Repeat the listing verbatim. Drop any pictures.

**Data block**
========
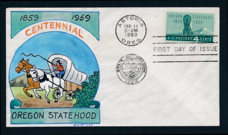 U.S. 1124 Wm. Wright hand painted FDC, Oregon
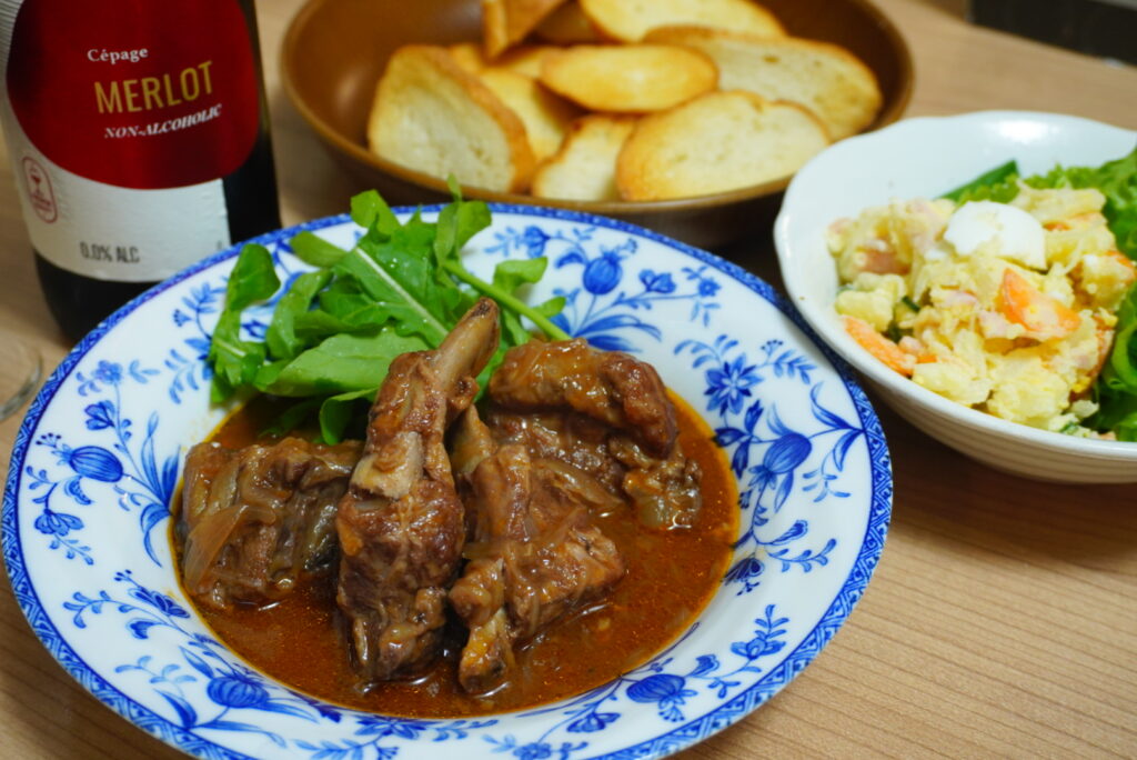 合わせる料理は、この軽すぎると感じる部分を補えるよう、コクのある赤ワイン煮に決定!
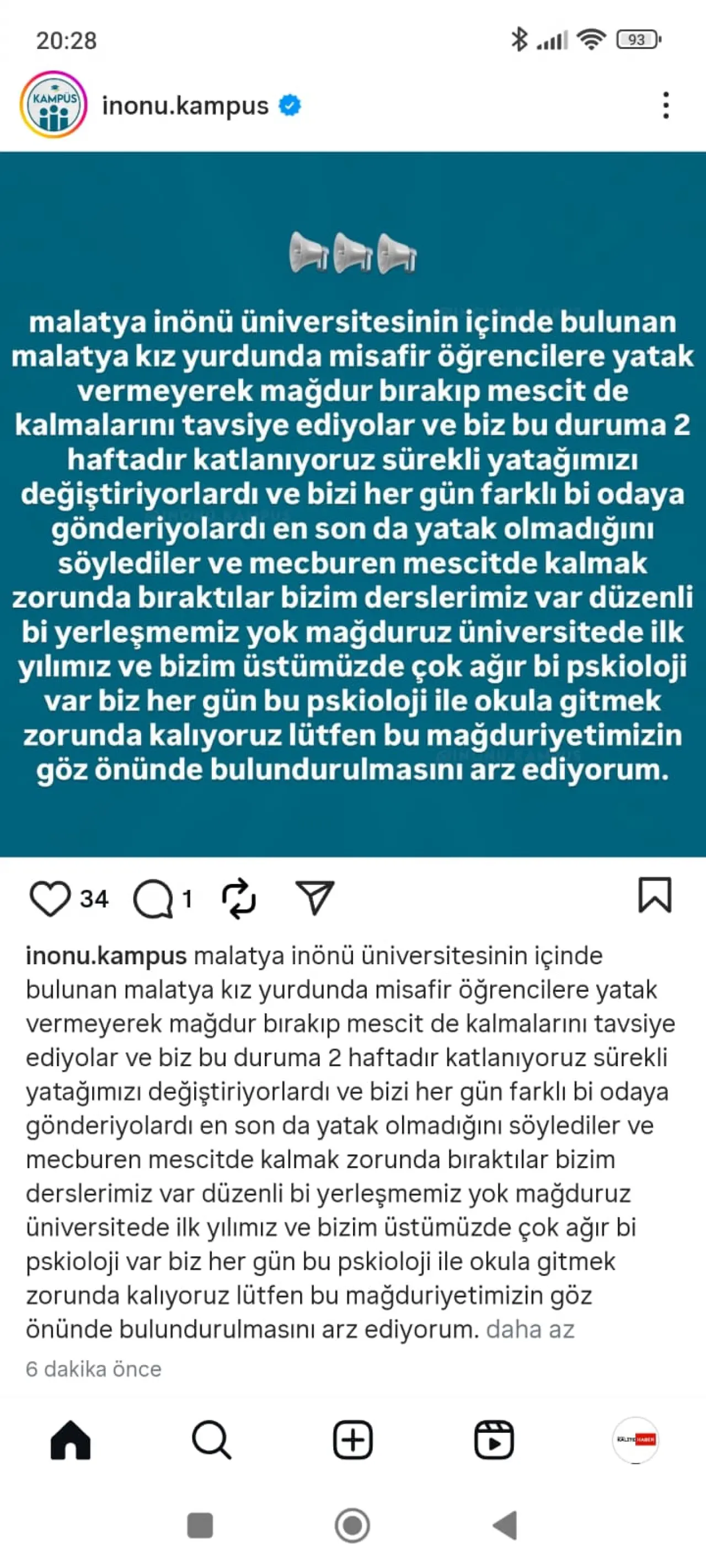 Barınma sorunları da öğrencilerin hayatını zorlaştırıyor. İnönü Güncel paylaşımlarında yorumlara zor durumda olduklarını yazan öğrendiler, Yer bulamadıkları için bazı öğrenciler, mecburen mescitlerde veya okulun farklı alanlarında konaklamak zorunda kalıyor. “Misafir öğrenciyiz ama burada misafirliğimiz bile güvence altında değil. Yatacak yer yok diyerek, bizi mecburen mescitlerde yatırıyorlar, kaldığımız yerler güvenli değil” sözleri, yaşanan sıkıntının boyutunu gözler önüne seriyor.
========
**Solution**
 U.S. 1124 Wm. Wright hand painted FDC, Oregon
 合わせる料理は、この軽すぎると感じる部分を補えるよう、コクのある赤ワイン煮に決定!
 Barınma sorunları da öğrencilerin hayatını zorlaştırıyor. İnönü Güncel paylaşımlarında yorumlara zor durumda olduklarını yazan öğrendiler, Yer bulamadıkları için bazı öğrenciler, mecburen mescitlerde veya okulun farklı alanlarında konaklamak zorunda kalıyor. “Misafir öğrenciyiz ama burada misafirliğimiz bile güvence altında değil. Yatacak yer yok diyerek, bizi mecburen mescitlerde yatırıyorlar, kaldığımız yerler güvenli değil” sözleri, yaşanan sıkıntının boyutunu gözler önüne seriyor.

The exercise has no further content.